The Royal Chronicle of the Old Kingdom: Luang Prasoet Version (พระราชพงศาวดารกรุงเก่า ฉบับหลวงประเสริฐ), commonly known as the Luang Prasoet Chronicle, is a manuscript of the Royal Chronicles of Ayutthaya—a historical account of the Kingdom of Ayutthaya, a former kingdom in present-day Thailand. It was discovered and brought to the Vajirañāṇa Royal Library by a Thai nobleman, Luang Prasoet-aksonnit (Phae Talalak), in 1907, and was thus named after him in his honour.

According to its preface, the document was compiled in 1681. It presents the chronicle in an abridged version, and its dating is considered by historians to be mostly accurate, unlike other versions which may have been subject to later copying errors. Michael Vickery, who has argued against the reliability of other Ayutthayan chronicle traditions, wrote that this one "has so far proven resistant to any attempt to discredit it". Siroch Sittisombut treats it as the most authoritative of the royal chronicles, and notes that it records no Ayutthayan sack of Angkor before 1431, where other versions carry conquests in 1369 and 1388.
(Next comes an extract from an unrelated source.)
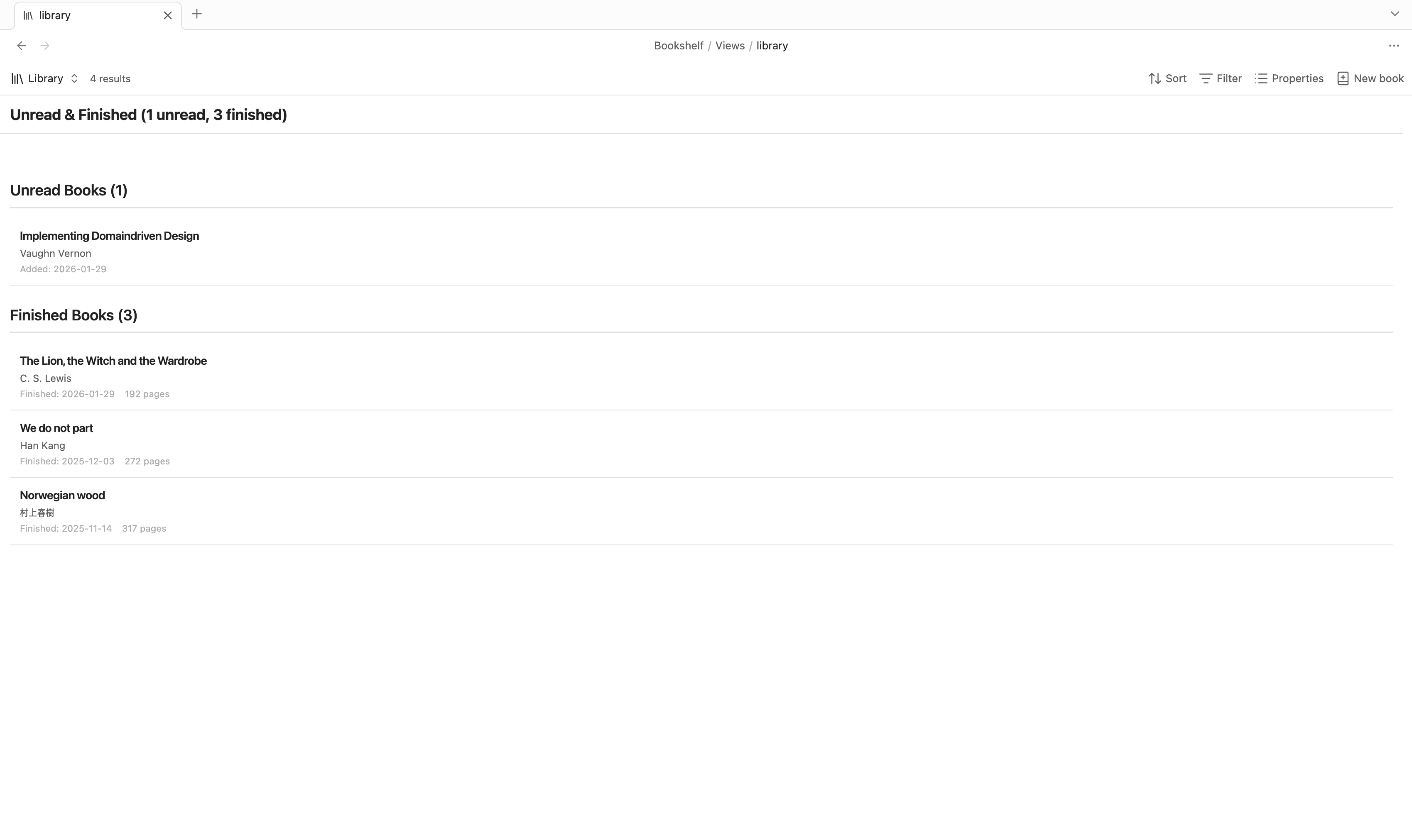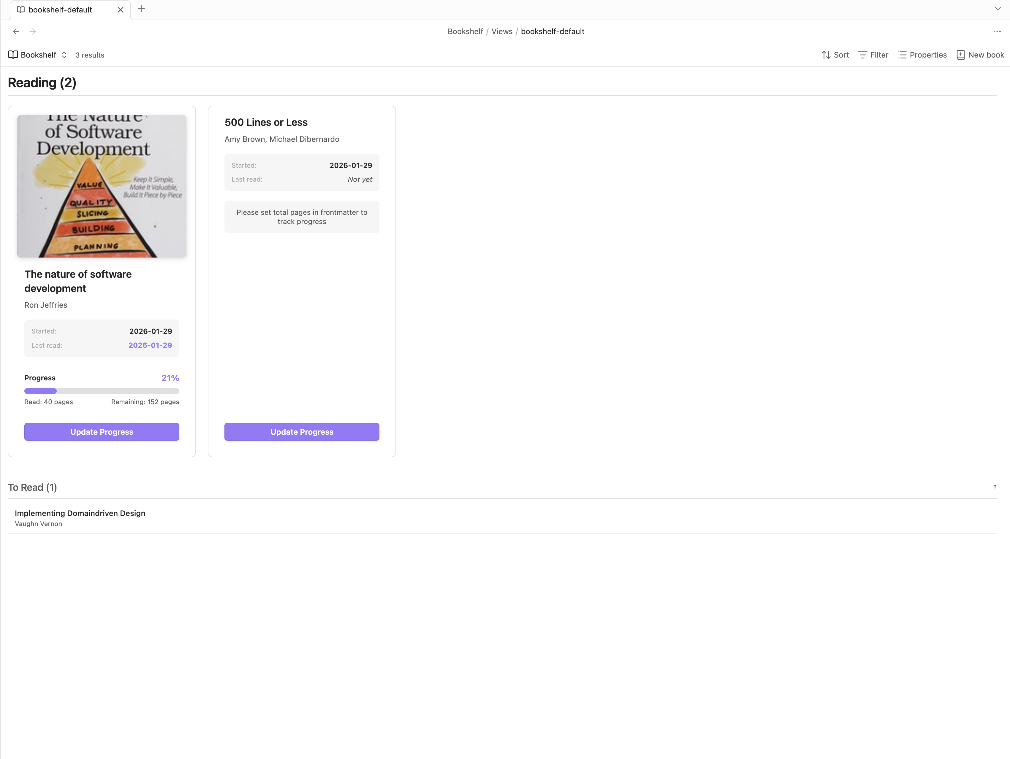 Bookshelf helps you manage your personal library in Obsidian. Each book is stored as a Markdown note with YAML frontmatter, making it easy to integrate with your existing notes and workflows. Search and import books directly from Open Library API with automatic metadata fetching.

Because it is abridged, its entries are often a single line. Its notice of Bayinnaung's campaign of 1563 puts the surrender of Maha Thammaracha down to famine and epidemic at Phitsanulok, where the Royal Autograph version and the Burmese and Dutch accounts each give a different cause. It also dates the Buddha image of Wat Phanan Choeng twenty-six years before the foundation of Ayutthaya in 1351, which is used as evidence of settlement on the site before that year.